Just, you could be the savior of us all.

What’s clear, for instance, right, we talked about RNA, RNA folds and RNA design.

So, mRNA, like mRNA, as it is in our vaccines, is inherently unstable, right?

That’s what makes the deployment so difficult.

You have to cool it down to preserve it.

And now when you fold RNA in distinct ways, the RNA origami, the RNA nanostructures we make, they are stable at room temperature for days, just on the bench.

So, by folding RNA, we can also package more on a smaller footprint, right?

So, by making nanostructures from RNA, I really think we can advance the way we build therapeutics, and at the same time actually also address these very fundamental questions on origins of life and creating of very minimal synthetic cells and synthetic life.

I think we got to end it there, but this has been a brilliant conversation.

I’m delighted to learn that such a field exists that is vibrant and that you’re in the middle of it.

That gives me confidence that only good will come of this.
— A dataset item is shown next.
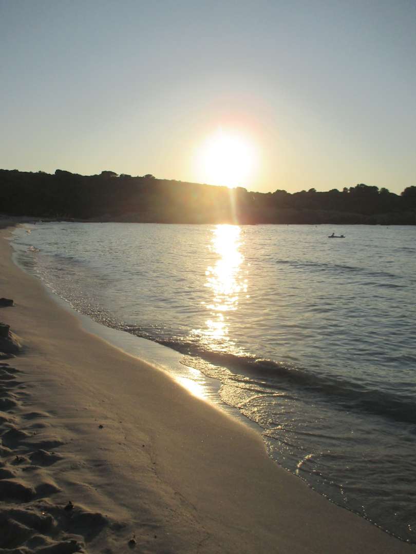 Der flache Sandstrand Arenal Son Saura ist in wenigen Minuten über einen Holzsteg erreichbar.

Again, thank you for your time, and like I said, delighted to know that this is a field that’s vibrant and probably still growing.

And I look forward to see what it will deliver to civilization.

For sure.

Yes.

All right.

Thank you for Beyond Star Talk.

Thank you.

Matt, thanks for coming through.

This was fascinating.

Thank you for having me.

And I keep forgetting you’re in LA.

I’m in LA.

And I got a book coming out in a few months.
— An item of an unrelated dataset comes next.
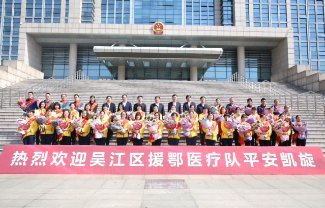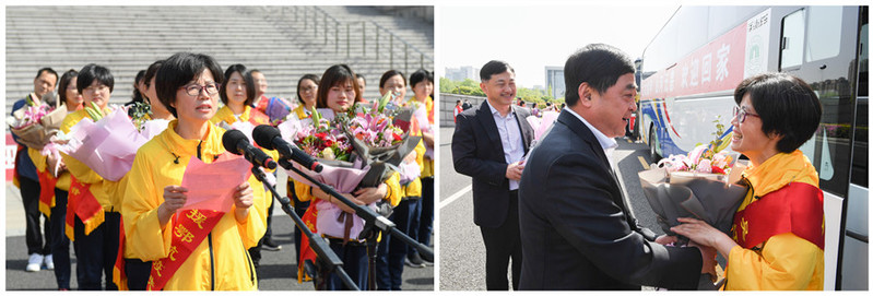 欢迎仪式上,王庆华作了热情洋溢的讲话。他动情地说,42名援鄂医护人员圆满完成支援湖北医疗救治任务凯旋,用实际行动诠释了大爱无疆、医者仁心的职业操守,展现了吴江儿女特别能战斗、特别能奉献的精神风貌。你们是吴江人民的骄傲,是当之无愧的战“疫”英雄。

Yeah, we’re going to still you for Probably Science, if we can.

I’d be happy to go on Might Be Science.

Sorry, what’s it called?

We think it’s science.

Probably Science is my podcast.

I’m certain what comes out of my mouth will be science.

Change the name of the show for that episode.

When you’re on, we change the name.

Otherwise, probably when it’s us and other comedians who know very little.

All right, so that’s all we’ve got here on StarTalk.

Neil deGrasse Tyson, as always, bidding you to keep looking up.